I have a dataset in which participants went through 5 different situations and their behavior was measured in each situation. Here's an example dataset with a similar structure:
id1<-1:10
id<-rep(id1, each=5)
socbeh<-as.integer(rnorm(50, 3, 1))
Index1<-1:5
situation<-rep(Index1, times=10)
df<-data.frame(id, situation, socbeh)
I'm running multilevel regressions using R lme4 with participant ID as a random effect and situation as 5-level factorial predictor, like this:
library(lme4)
model<-lmer(socbeh ~ (1|id)+factor(situation), data=df)
#and then derive the estimated marginal means via emmeans
library(emmeans)
em<-emmeans(model, ~situation)
I'd like to conduct nonparametric bootstrap on the estimated marginal means and on their confidence intervals. However, all my attempts produce the error:
Error in t.star[r, ] <- res[[r]] :
number of items to replace is not a multiple of replacement length
I first tried the following:
fun<-function(data, idx){
model<-lmer(socbeh ~ (1|id) + factor(situation),
data=data[idx,])
rg<-ref_grid(model, mult.levs = rm_levels)

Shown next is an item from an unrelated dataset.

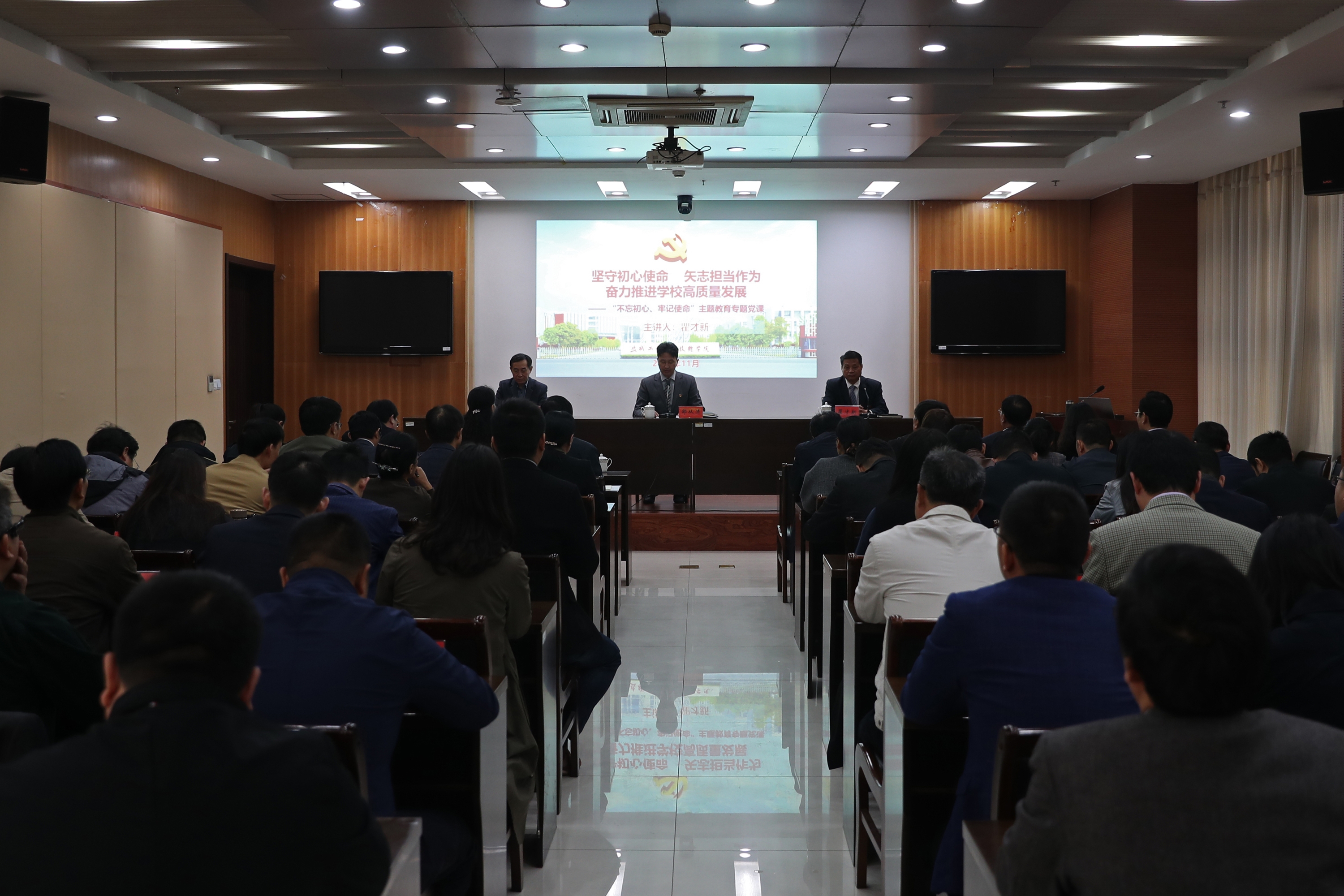 根据学校“不忘初心、牢记使命”主题教育工作安排,11月1日,党委副书记、校长瞿才新在图文信息中心第三会议室讲授《坚守初心使命,矢志担当作为,奋力推进学校高质量发展》主题教育专题党课。省委第13巡回指导组领导,学校领导班子成员、中层干部和部分党员同志聆听了党课。校党委书记邵从清主持党课。
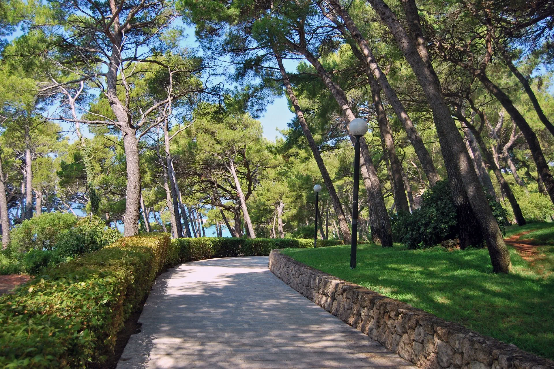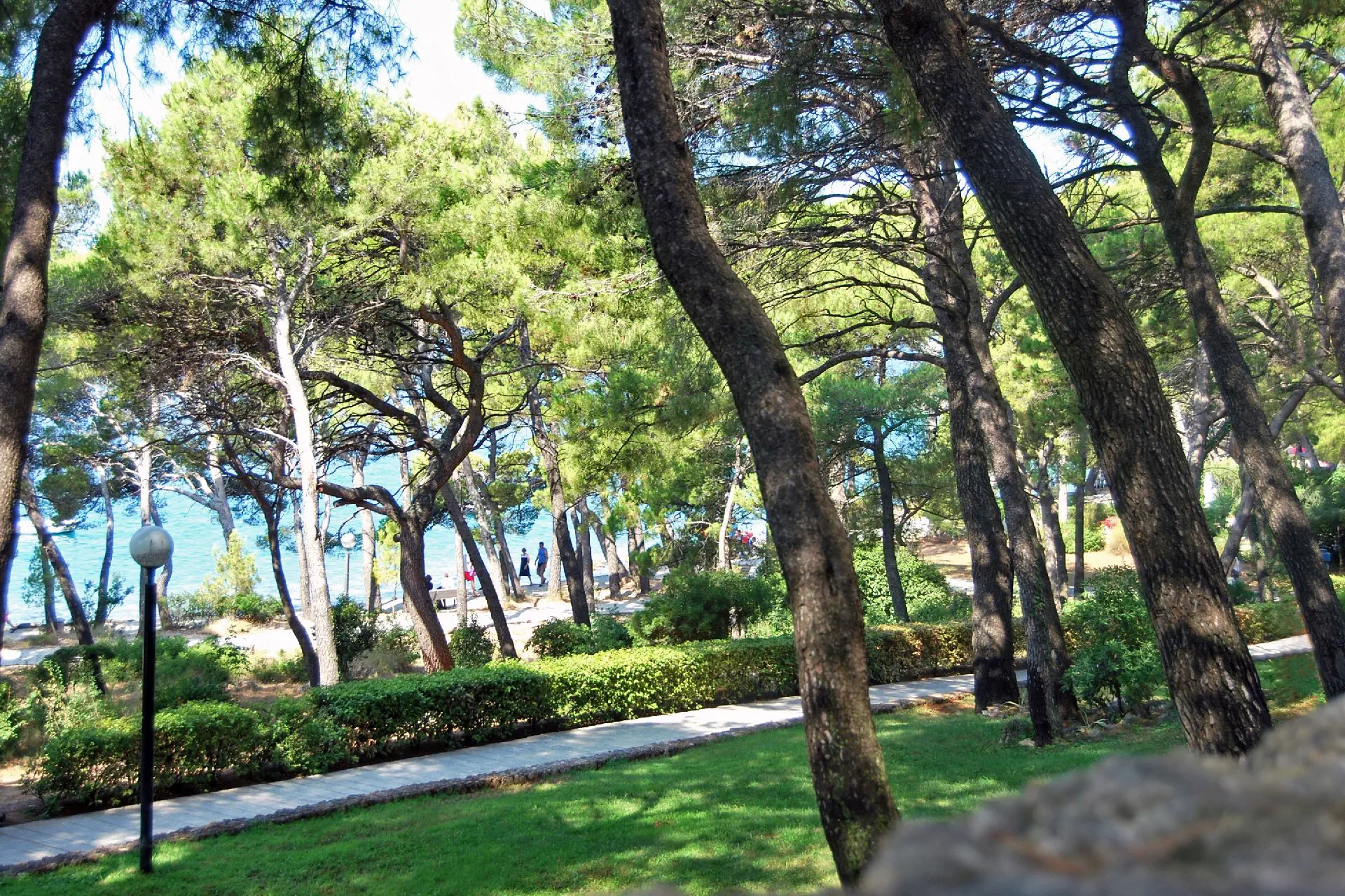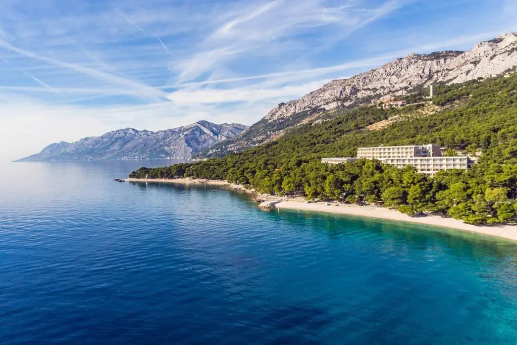 przy hotelu, żwirowo-kamienista. Leżaki i parasole (odpłatnie / ograniczona liczba). Jedna z najbardziej znanych plaż na wybrzeżu Adriatyku "Punta Rata" oddalona o ok. 2 min. pieszo; plaża "Podrace" oddalona o ok. 7 min pieszo.

em_<-emmeans(rg, ~situation)
}
B<-boot(df, fun, R=1000)
However, this produces the error: "Error in t.star[r, ] <- res[[r]] : number of items to replace is not a multiple of replacement length"
I tried removing all NAs from the data -> same error.
I tried perusing the advice in this response: :
df2 <- model.matrix(~socbeh + situation + id - 1, data=df)
and then ran the boot again using df2 as the data, but I still get the same error.
I also tried a simpler version of the function:
fun<-function(data, idx){
model<-lmer(socbeh ~ (1|id) + factor(situation),
data=data[idx,])
em<-emmeans(model, ~situation)
}
But got the same error again. I also tried to bootstrap just the regression coefficients by
fun<-function(data, idx) {
coef(lmer(socbeh ~ (1|id)+factor(situation), data=data[idx,]))
}
B<-boot(df2, fun, R=1000)
which has worked for me before (with continuous predictors), but now I get this error "Error in model.frame.default(data = data[idx, ], drop.unused.levels = TRUE, : variable lengths differ (found for 'factor(situation)')"
It probably goes without saying I'm very inexperienced in programming, and don't understand at all what's going on. Can anyone help? Thanks so much in advance!
Part of what emmeans()
does is to reconstruct the data from the model-fitting call. Accordingly, you need the data to exist as an object in the environment where the model is fitted, and for it not to be changed between when the model was fitted and when emmeans
is run. Maybe it will be enough to add a line at the beginning of the function like dat <- data[idx, ]
and then use that in the model fitting. It wouldn't hurt to also add data = dat
to the ref_grid
call.
The other thing I wonder is what the function is supposed to return. Right now it is returning an emmGrid
object, which is a pretty complicated thing. And I'm guessing that boot()
is expecting a vector of estimates. If so, I think you should add a line at the end that says predict(em_)
-- which will cause it to return just the EMMs.
I tried a similar example. Definitely, the return value is an issue, and you should be returning a vector of estimates. An additional issue I found is that not all bootstrap samples have all the levels of the factor in question, and in those cases you get a different number of estimates. So you need to be extremely careful to line them up correctly.
Here is an example I got to work with the fiber
data that comes with emmeans
function(data, idx) {
dat = data[idx, ]
fit = lm(strength ~ machine + diameter, data = dat)
em = emmeans(fit, "machine", data = dat)
rtn = c(A = NA, B = NA, C = NA)
rtn[em@levels$machine] = predict(em)
rtn
}
> boot(fiber, fun, R = 100)
ORDINARY NONPARAMETRIC BOOTSTRAP
Call:
boot(data = fiber, statistic = fun, R = 100)
Bootstrap Statistics :
original bias std. error
t1* 40.38241 -0.18833737 1.154697
t2* 41.41922 -0.07372249 1.250100
t3* 38.79836 -0.11139516 1.305454
Note the last 3 lines of fun
. First we set all the return values to NA
, corresponding to the three levels of machine
.
Then we set those elements that we actually estimated (as found in em@levels$machine
) to the estimates we got. Then we return rtn
. Those lines of code ensure that 3 values are returned every time.